“Gilgamesh (…) vagou pelos campos e pastos numa longa jornada em busca de Utnapishtim, a quem os deuses acolheram após o dilúvio e instalaram na terra de Dilmun, no jardim do sol”
De clássico em clássico, chegamos àquele que é considerado o mais antigo da humanidade, apontando nada menos que as origens e a própria fundação da cultura ocidental. Herdado dos sumérios, inventores da escrita, o poema assírio A Epopeia de Gilgamesh, datado do terceiro milênio antes de Cristo, antecede em pelo menos 1,5 mil anos os relatos homéricos da Ilíada e da Odisseia e mostra quanto as narrativas dos povos do Oriente Próximo contribuíram com as ciências, os mitos e as instituições que proliferam entre os povos que ocuparam a Mesopotâmia e a Palestina.
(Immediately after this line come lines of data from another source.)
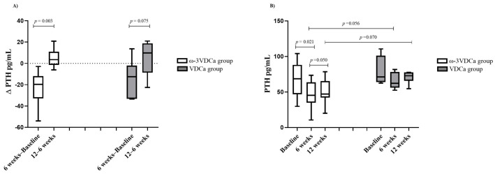 Background/Objective: In patients with acute lymphoblastic leukemia (ALL), it has been demonstrated that the treatment has a negative effect on bone health. The n-3 polyunsaturated fatty acids (LCPUFAs-ω3) may attenuate bone resorption. We evaluated the effects of LCPUFAs-ω3, vitamin D, and calcium supplementation on bone turnover markers and changes in vitamin D concentrations during 6 weeks of supplementation and during 6 weeks of post-intervention follow-up in pediatric patients with ALL. Methods: Thirty-six pediatric patients with ALL were randomly assigned to the ω-3VDCa group (100 mg/kg/d LCPUFAs-ω3 + 4000 IU vitamin D + 1000 mg calcium) or the VDCa group (4000 IU vitamin D + 1000 mg calcium) for 6 weeks. Blood samples were collected to determine 25(OH)D, PTH, ICTP, and TRAP-5b (biomarkers of bone resorption) and osteocalcin (OC, a biomarker of bone production) levels at baseline, 6 weeks, and 12 weeks after supplementation. The 25(OH)D analysis was performed using ultra-high-performance liquid chromatography coupled to a mass spectrometer, and PTH and bone turnover markers were measured by ELISA. Results: The 25(OH)D concentration increased in both groups (ω3VDCa group: 19.4 ng/mL vs. 44.0 ng/mL, p < 0.0001; VDCa group: 15.3 ng/mL vs. 42.8 ng/mL, p = 0.018) and remained significantly higher at 12 weeks. At 12 weeks, ICTP showed lower concentrations in the ω-3VDCa group than in the VDCa group (0.74 ng/mL vs. 1.05 ng/mL, p = 0.024). Conclusions: Combined omega-3 and 4000 IU vitamin D supplementation for 6 weeks had a positive effect on bone health, as indicated by serum ICTP, with no effect on serum 25(OH)D levels over vitamin D supplementation alone.
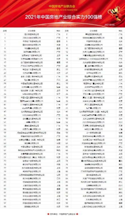 近日,2021年中國(guó)房地產(chǎn)業(yè)綜合實(shí)力100強(qiáng)排行榜發(fā)布,這是中國(guó)房地產(chǎn)業(yè)聯(lián)合會(huì)對(duì)房地產(chǎn)行業(yè)進(jìn)行全面、科學(xué)、獨(dú)立的企業(yè)實(shí)力發(fā)展調(diào)查研究宣傳發(fā)布工作。通過(guò)對(duì)全國(guó)34個(gè)。▍^(qū)、市)超過(guò)3000家利潤(rùn)總額在1億元至800億元之間的中國(guó)房地產(chǎn)開(kāi)發(fā)企業(yè)進(jìn)行了數(shù)據(jù)采集研究,比照國(guó)際上通行的做法,主要根據(jù)營(yíng)業(yè)收入、資產(chǎn)總額、利潤(rùn)總額、資信等級(jí)、社會(huì)貢獻(xiàn)、業(yè)主滿意度等指標(biāo)分析確定候選企業(yè),邀請(qǐng)100位企業(yè)高管、學(xué)者及官員對(duì)經(jīng)資格審核符合要求的企業(yè)進(jìn)行綜合評(píng)分,并對(duì)部分候選企業(yè)進(jìn)行實(shí)地拜訪,從中遴選出100家中國(guó)房地產(chǎn)業(yè)綜合實(shí)力100強(qiáng)企業(yè)。在此基礎(chǔ)上通過(guò)與世界500強(qiáng)企業(yè)進(jìn)行綜合對(duì)比分析,進(jìn)而有針對(duì)性地提出促進(jìn)中國(guó)房企做強(qiáng)做大做久的策略建議,在全國(guó)范圍內(nèi)形成了巨大的社會(huì)影響力。
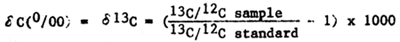 The standard is Pee Dee Belemnite (PDB carbonate (Craig, 1957).
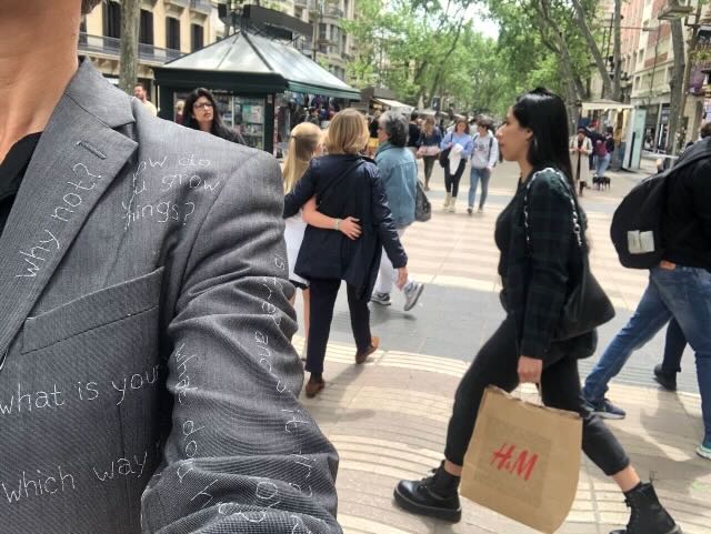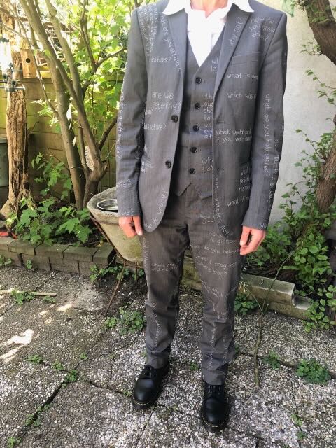 Most embroideries take at least an hour, the long questions might keep me occupied the whole morning. It is a slow process, I try to stay with the question while embroidering it, with the person who asked me the question. Some people send me questions through social media, others stop me when I am on my way somewhere or nowhere in particular to comment on the suit, and usually we get into a conversation that sometimes leads to a new question. ‘What does silence look like?’ a man walking his dog on the moor asked me after we discussed the absence of noise-free natural spaces in the Netherlands. I like that question, it is embroidered on the back of my trousers just under my belt. It is hidden most of the time, covered by the waistcoat and the jacket. ‘Where are the wild places?’ ‘They say we are running out of time, but if we change our approach to time, can we be in the world and everything in it in a different way?’
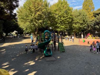 たくさんどんぐりを拾った後には公園でみんなで遊んで汗をいっぱいかきました。
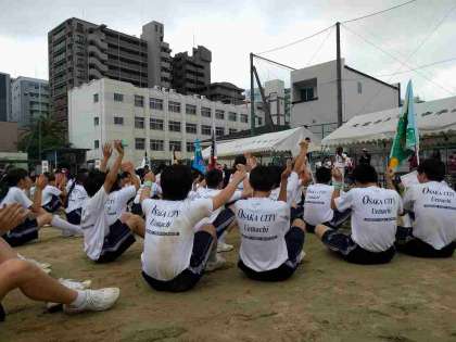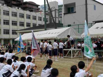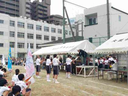 閉会式に先立って、生徒会から応援合戦に対する各賞が贈られました。ユニークなネイミングの賞で、会場から笑いが起こっていました。そして、今年の優勝が緑団と発表され、緑団からは大きな歓声が上がっていました。
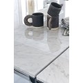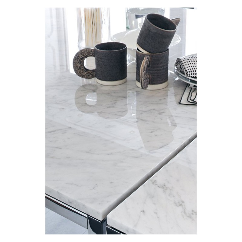 Modèle chiffré: base chrome poli, plateau en marbre Arabescato - n'hésitez pas à nous contacter pour d'autres options.
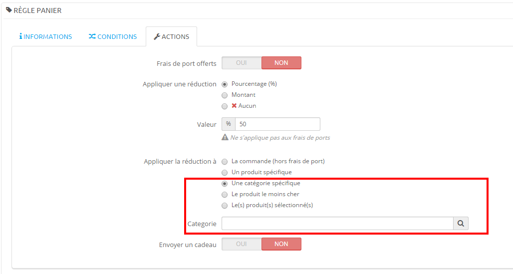 wouababelouba Posted April 23, 2015 Share Posted April 23, 2015 (edited) Bonjour à tous, Je travaille sur la version 1.6.0.14, et j'aimerais pouvoir appliquer l'action d'une règle panier à une catégorie, plus précisément appliquer une réduction sous forme de pourcentage pour tous les produits d'une catégorie. Or seules les options suivantes sont disponibles dans l'onglet "ACTIONS" > "Appliquer la réduction à" : La commande (hors frais de port) Un produit spécifique Le produit le moins cher Le(s) produit(s) sélectionné(s) De la même façon que pour "Un produit spécifique", j'aimerais pouvoir choisir une catégorie par autocomplétion dans un champ qui apparaîtrait après avoir cliqué sur le bouton radio. Avant de me lancer dans un override qui risque d'être galère, j'aimerais savoir si personne n'a eu le même besoin que moi ? J'ai déjà regardé, en modifiant le fichier AdminCartRulesController.php et le tpl associé actions.tpl (dans le thème de l'admin puis themes/default/template/controllers/cart_rules/), on peut facilement ajouter le choix "Une catégorie spécifique" à la liste existante (voir ci-dessous), reste ensuite à traiter l'autocomplétion et l'enregistrement/l'application de la réduction à la catégorie etc. Merci par avance ! Edited April 23, 2015 by wouababelouba (see edit history) Link to comment Share on other sites More sharing options...
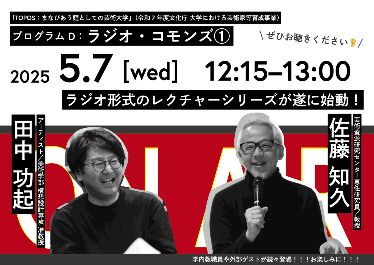 そこで「TOPOS:まなびあう庭としての芸術大学」プロジェクトのプログラムとして、ラジオの番組の形式をとったオンライン・レクチャー「ラジオ・コモンズ」を始動します!!
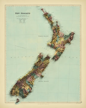 Die Karte zeigt Neuseelands Nord- und Südinsel und hebt die natürliche Schönheit und geografischen Merkmale hervor, die das Land definieren. Die Südalpen erstrecken sich majestätisch über die Südinsel, während der umgebende Pazifische Ozean und die Tasmansee die Küstenlinie des Landes einrahmen. Diese Karte dient nicht nur als geografischer Leitfaden, sondern auch als historischer Schnappschuss der Landschaft Neuseelands im späten 19. Jahrhundert.
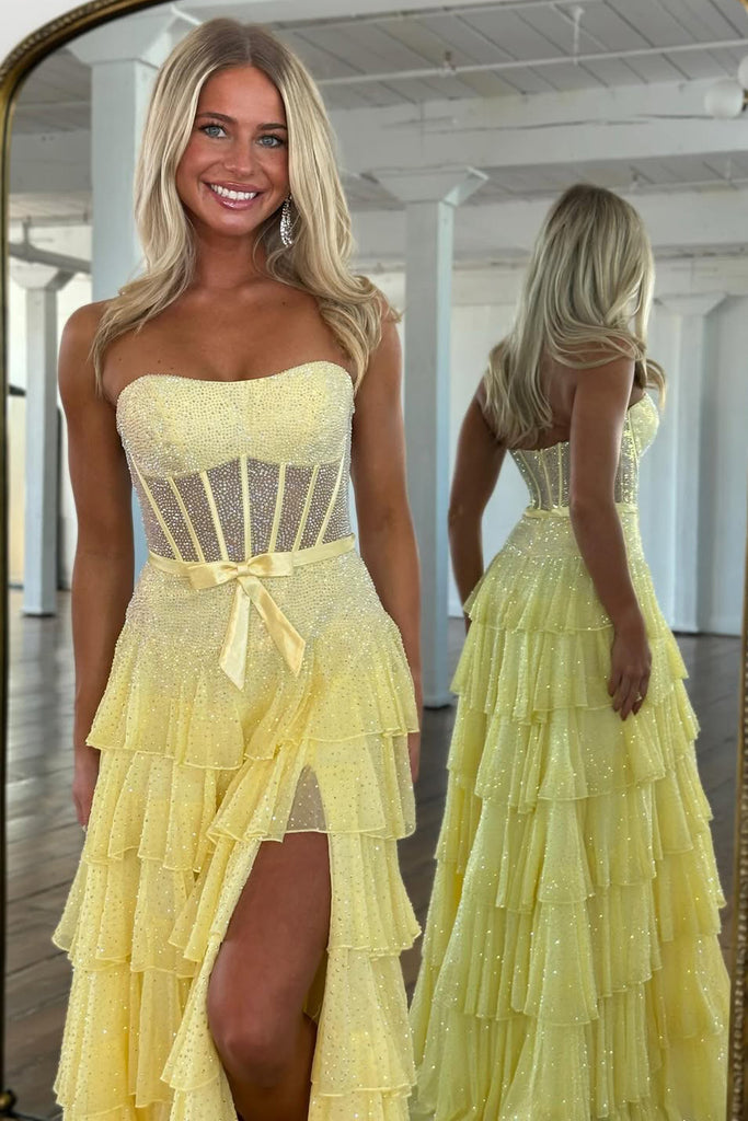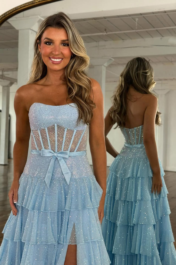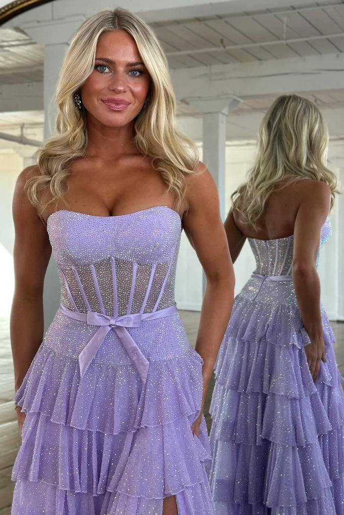 A-Line Strapless Lilac Ruffle Tiered Beaded Long Prom Dresses with Slit VK26012709
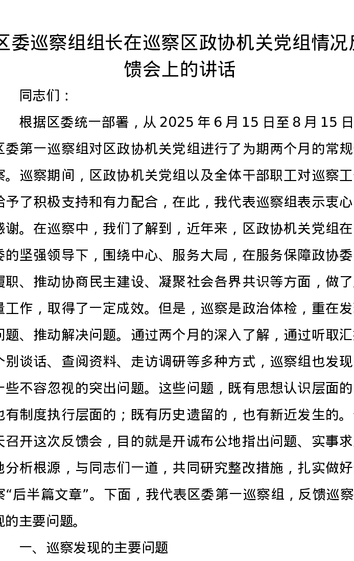 区委巡察组组长在巡察区政协机关党组情况反馈会上的讲话
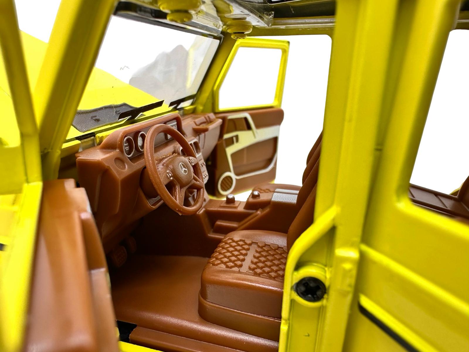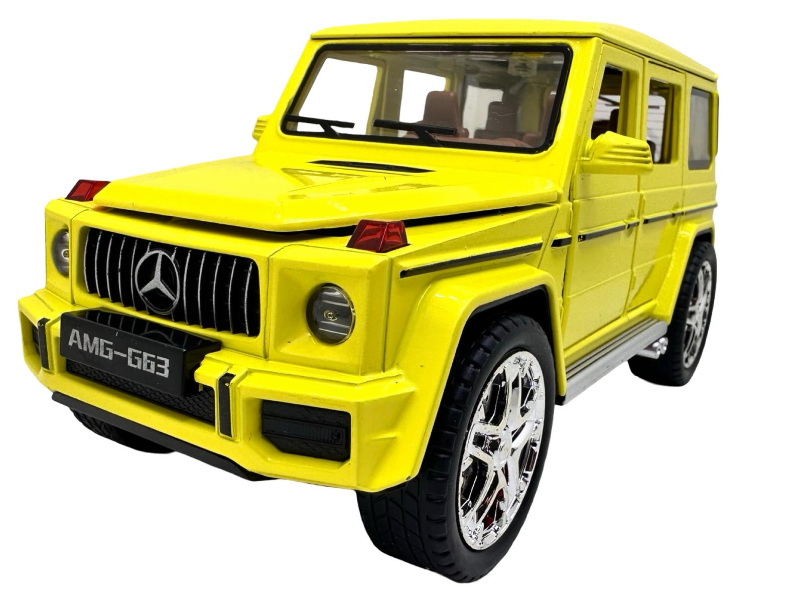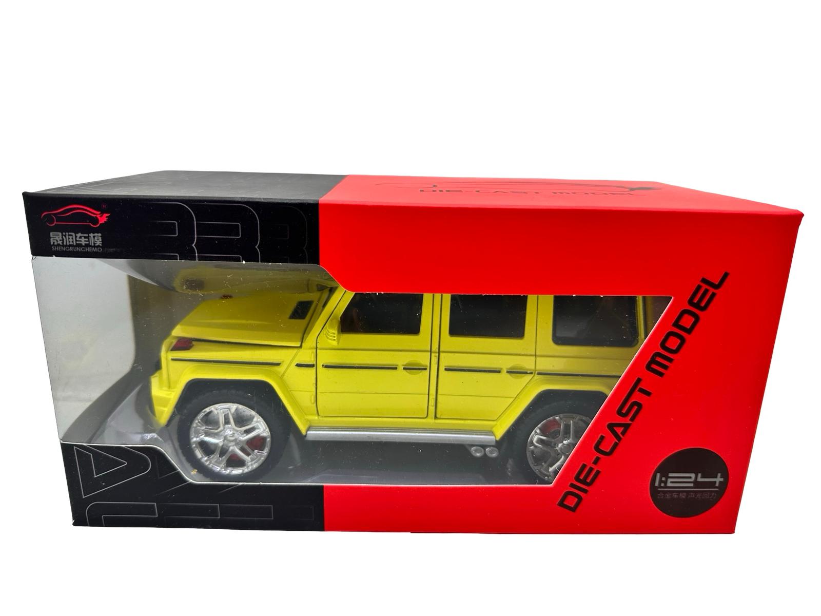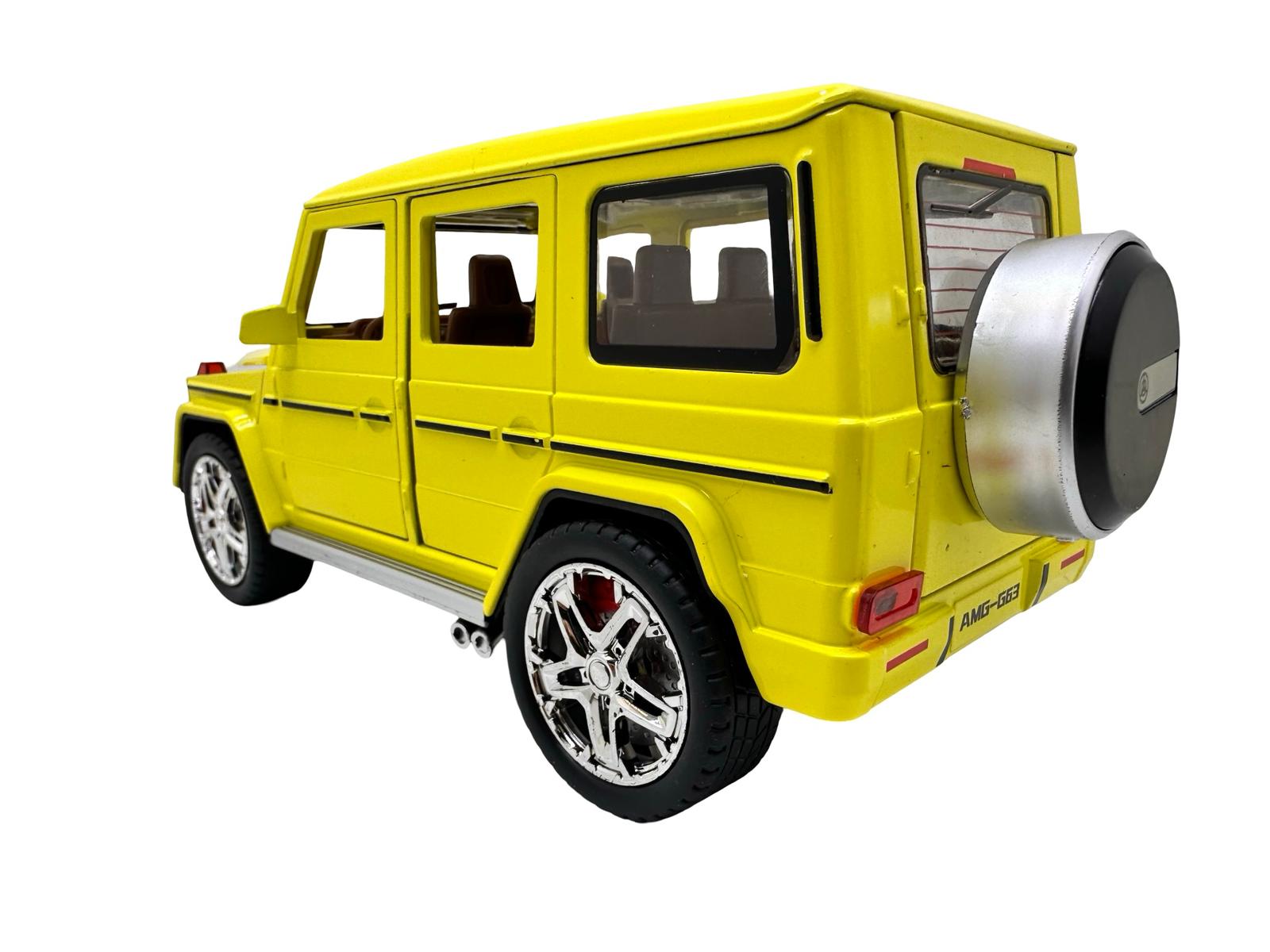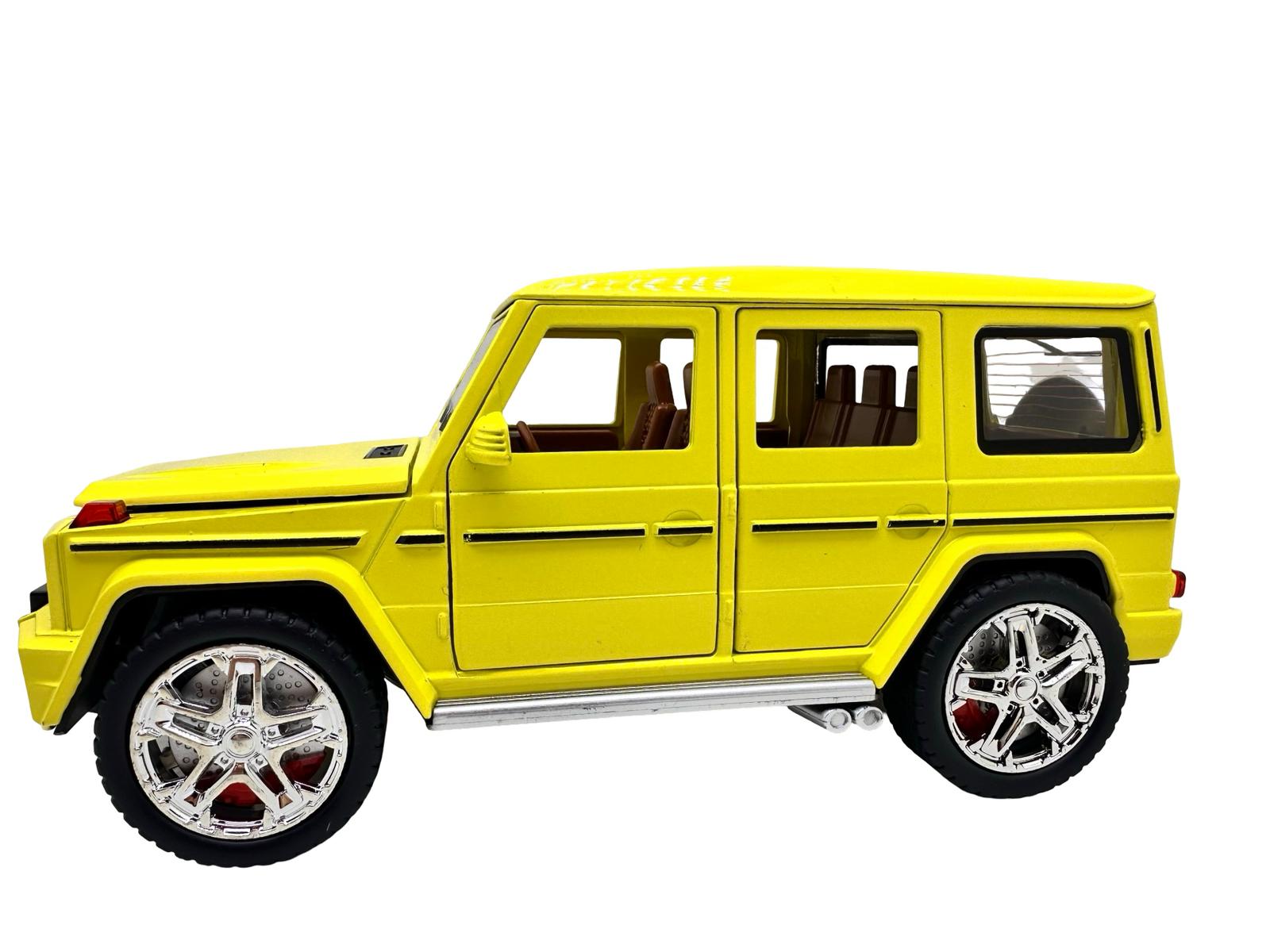 Macheta Mercedes G class galben 1:24 replica metal sunete si lumini, usi si capota deschise
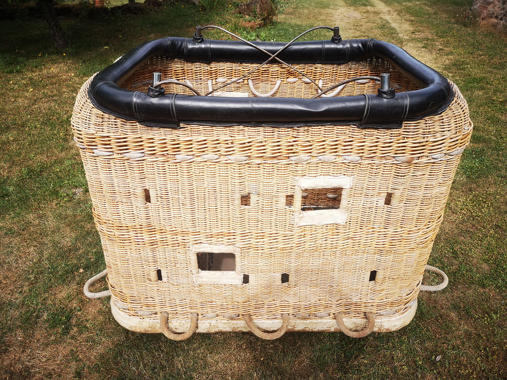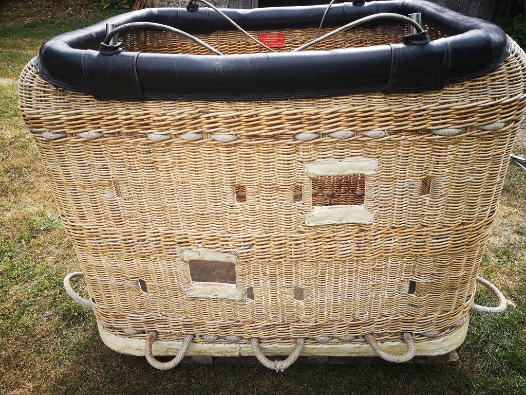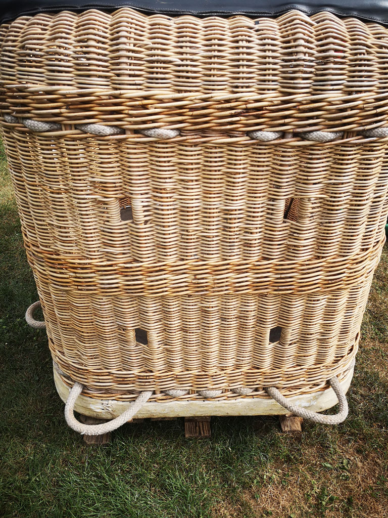 Thunder & Colt 105-120 (CB8022) hi-spec basket, inside dimensions 1.50m x 1.02m, inner height 1.12m. Black leather top rim, weight 88 kg. In good condition.
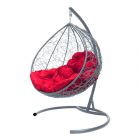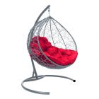 МГККР-13-06 Подвесное кресло КАПЛЯ с ротангом серое, красная подушка
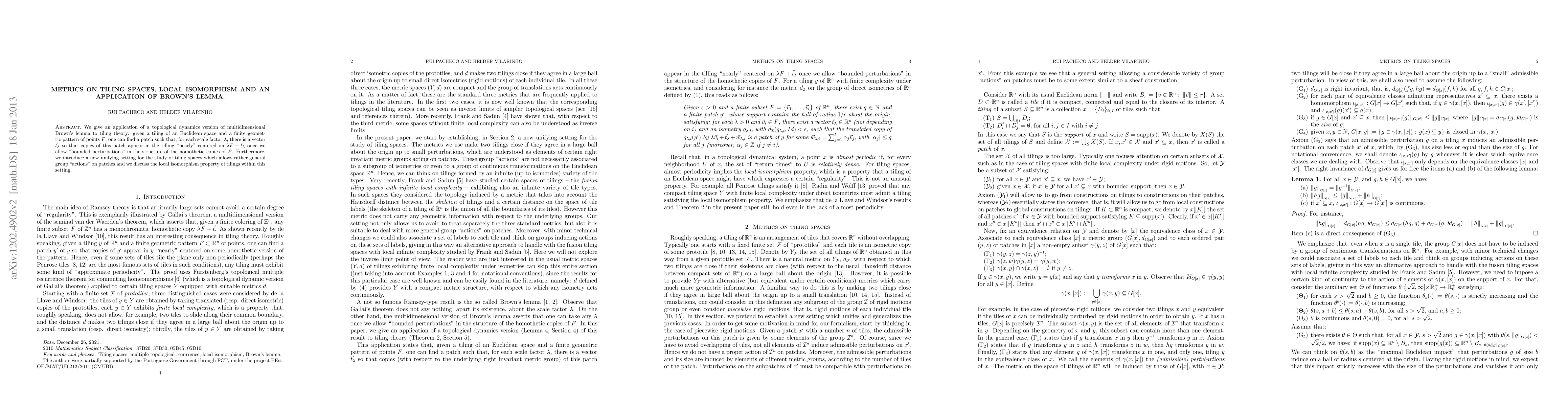 We give an application of a topological dynamics version of multidimensional Brown's lemma to tiling theory: given a tiling of an Euclidean space and a finite geometric pattern of points $F$, one can find a patch such that, for each scale factor $\lambda$, there is a vector $\vec{t}_\lambda$ so that copies of this patch appear in the tilling "nearly" centered on $\lambda F+\vec{t}_\lambda$ once we allow "bounded perturbations" in the structure of the homothetic copies of $F$. Furthermore, we introduce a new unifying setting for the study of tiling spaces which allows rather general group "actions" on patches and we discuss the local isomorphism property of tilings within this setting.

E não surpreende que registros do Velho Testamento devem-se a esse desabrochar civilizatório.
Descobertas no século 19 por um jovem inglês que escavava em Nínive, as primeiras tábuas de argila (muitas foram localizadas e decifradas mais tarde) contavam a história do monarca Gilgamesh, que, reinando por 126 anos, foi o construtor das grandes muralhas de Uruk, cidade-Estado ao sul de Bagdá. Dois terços deus e um terço humano, sua tragédia é o conflito entre os desejos de uma linhagem, imortal, e da outra, sujeita às dores, às fraquezas e aos padecimentos dos mortais. Em episódios divididos como capítulos, Gilgamesh encontra seu parceiro de aventuras – o selvagem Enkidu –, com quem faz uma perigosa travessia na floresta em busca da sabedoria e da imortalidade, sempre sob os olhos dos deuses do panteão mesopotâmico.
Mas o que sempre chamou a atenção dos estudiosos – e dos leigos também – é o relato do Dilúvio, em quase tudo similar ao descrito no Gênesis. Em A Epopeia de Gilgamesh, o deus Enlil propõe às outras divindades em conselho o extermínio da raça humana. A razão? Barulho: “O alvoroço dos humanos é intolerável, e o sono já não é mais possível por causa da balbúrdia”.
Mas um dos deuses, Ea, decide poupar Utnapishtim, com quem Gilgamesh se encontra em sua jornada. É o próprio quem relata a história: instruído pelo deus, constrói um barco e leva para ele “a semente de todas as criaturas vivas”. Sete dias depois, veio a chuva e, sete dias depois, cessou. Em meio ao mar infinito, o navio acabou encalhando numa montanha. Também sete dias depois, Utnapishtim soltou uma pomba, que, não encontrando lugar para voltar, retornou; depois, também sem sucesso, uma andorinha; e, por fim, um corvo, que encontrou terra.
A semelhança é evidente, mas não há consenso entre os historiadores se a história do Velho Testamento deriva diretamente da registrada em Gilgamesh. Uma hipótese é que o relato já existia séculos antes, pulverizado em uma dúzia de povos esquecidos. Mas há outra diferença, crucial: se em Gilgamesh Utnapishtim só consegue escapar à catástrofe por causa de uma desavença entre os deuses, no Gênesis a salvação se deve a uma questão ética – basilar do monoteísmo que forjou, numa outra e decisiva etapa, a civilização ocidental que conhecemos.
Mas do nada não se cria nada, e somos todos devedores daquele tempo indefinido entre a lenda e a história, entre a história oral e a escrita, de uma época em que o homem mal havia saído das cavernas. Mais clássico que isso, impossível.